YOUR OBJECTIVE
The whole listing, except its pictures, is to be repeated exactly.

COLLECTED MATERIAL

········

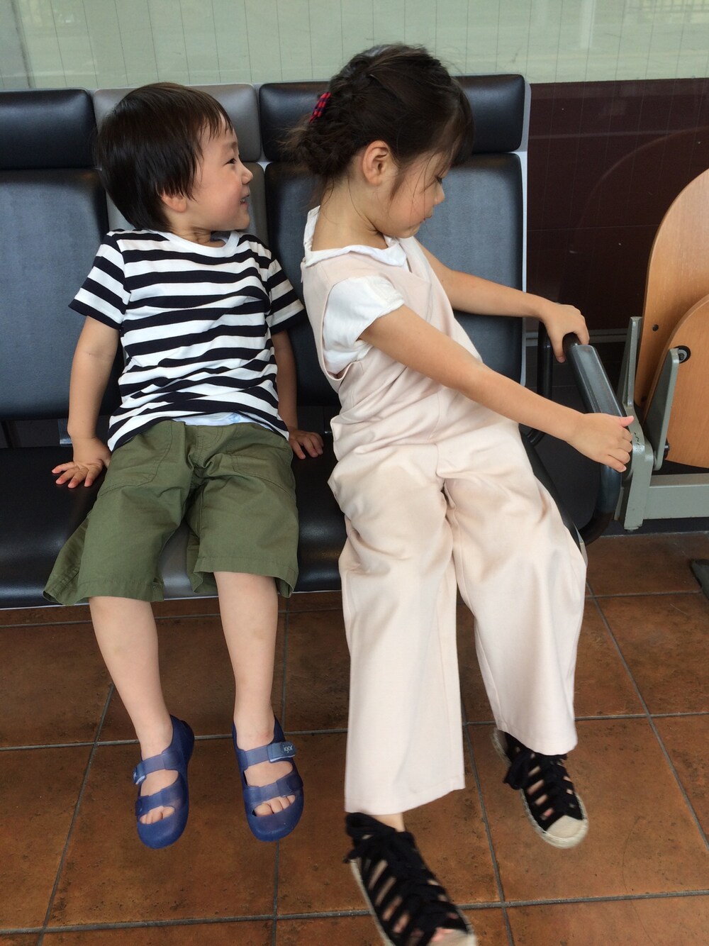 久しぶりに電車に乗って梅田に行きました。 大学の友だちと久々の再会♡ あー楽しかった♪(´ε` ) あたしが今日はボーダーTシャツにベージュのサロペットやったので微妙に親子リンクでした(笑)
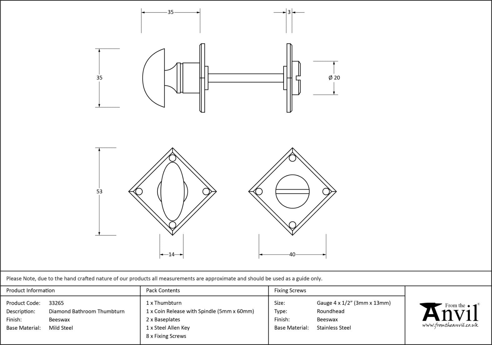 Spindle Size: 5mm Our thumbturns offer an added feature to any door where privacy is required, a perfect solution for bathroom doors. Each of our thumbturns have been designed to complement our range of mortice knob sets and lever on rose handles. Maximum door thickness: 47mm Works with bathroom mortice lock or stand-alone with a tubular deadbolt. Supplied with matching SS wood screws.
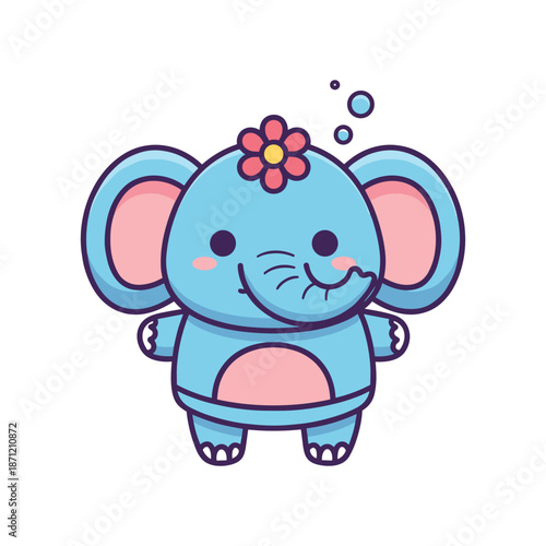 Fototapeta premium Adorable Cartoon Elephant with Flower
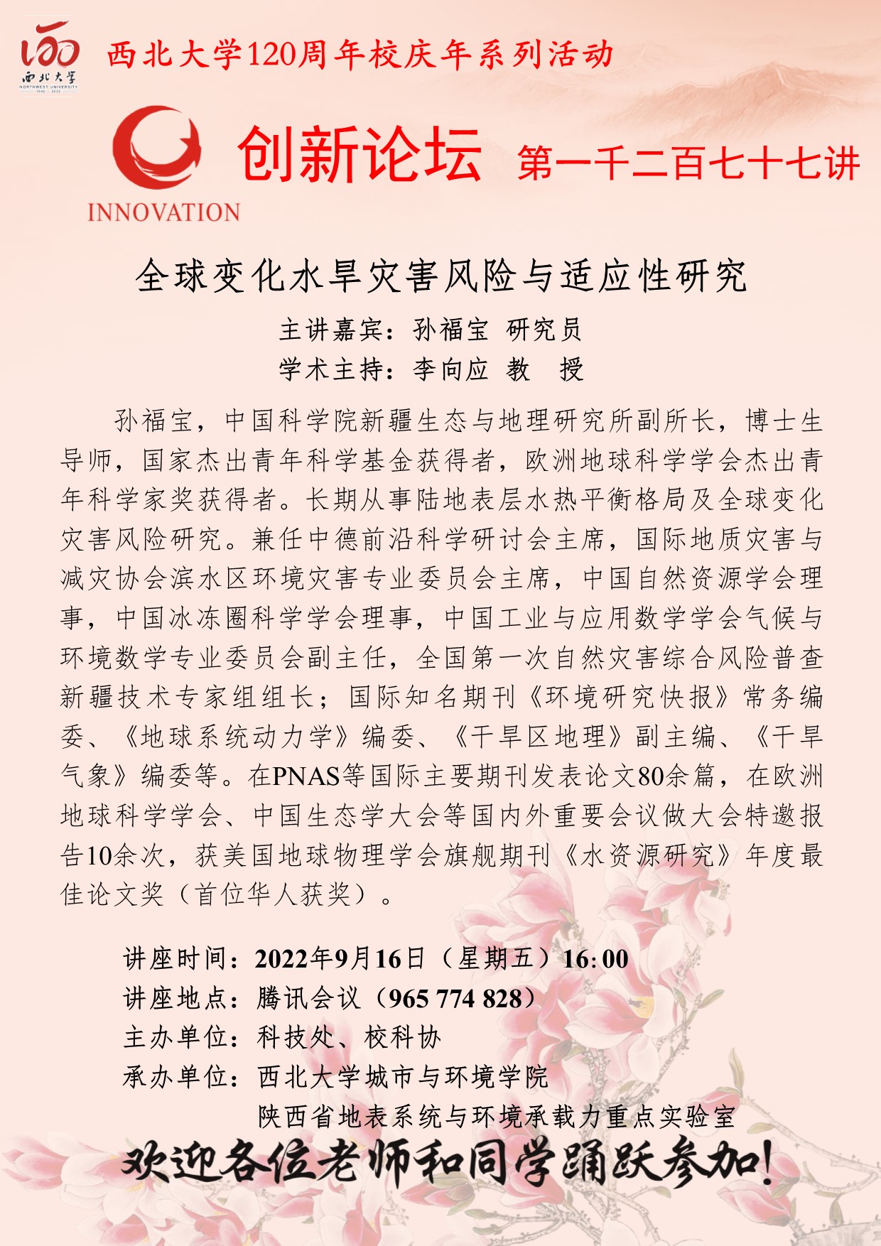 孙福宝 研究员 必赢3003no1线路检测中心创新论坛第一千二百七十七讲暨120周年校庆年系列活动:全球变化水旱灾害风险与适应性研究 讲座时间 2022年9月16日(星期五)16:00 讲座地点 腾讯会议(965 774 828) 讲座人介绍 孙福宝 研究员 讲座内容

········

RESPONSE TO THIS EXERCISE
 久しぶりに電車に乗って梅田に行きました。 大学の友だちと久々の再会♡ あー楽しかった♪(´ε` ) あたしが今日はボーダーTシャツにベージュのサロペットやったので微妙に親子リンクでした(笑)
 Spindle Size: 5mm Our thumbturns offer an added feature to any door where privacy is required, a perfect solution for bathroom doors. Each of our thumbturns have been designed to complement our range of mortice knob sets and lever on rose handles. Maximum door thickness: 47mm Works with bathroom mortice lock or stand-alone with a tubular deadbolt. Supplied with matching SS wood screws.
 Fototapeta premium Adorable Cartoon Elephant with Flower
 孙福宝 研究员 必赢3003no1线路检测中心创新论坛第一千二百七十七讲暨120周年校庆年系列活动:全球变化水旱灾害风险与适应性研究 讲座时间 2022年9月16日(星期五)16:00 讲座地点 腾讯会议(965 774 828) 讲座人介绍 孙福宝 研究员 讲座内容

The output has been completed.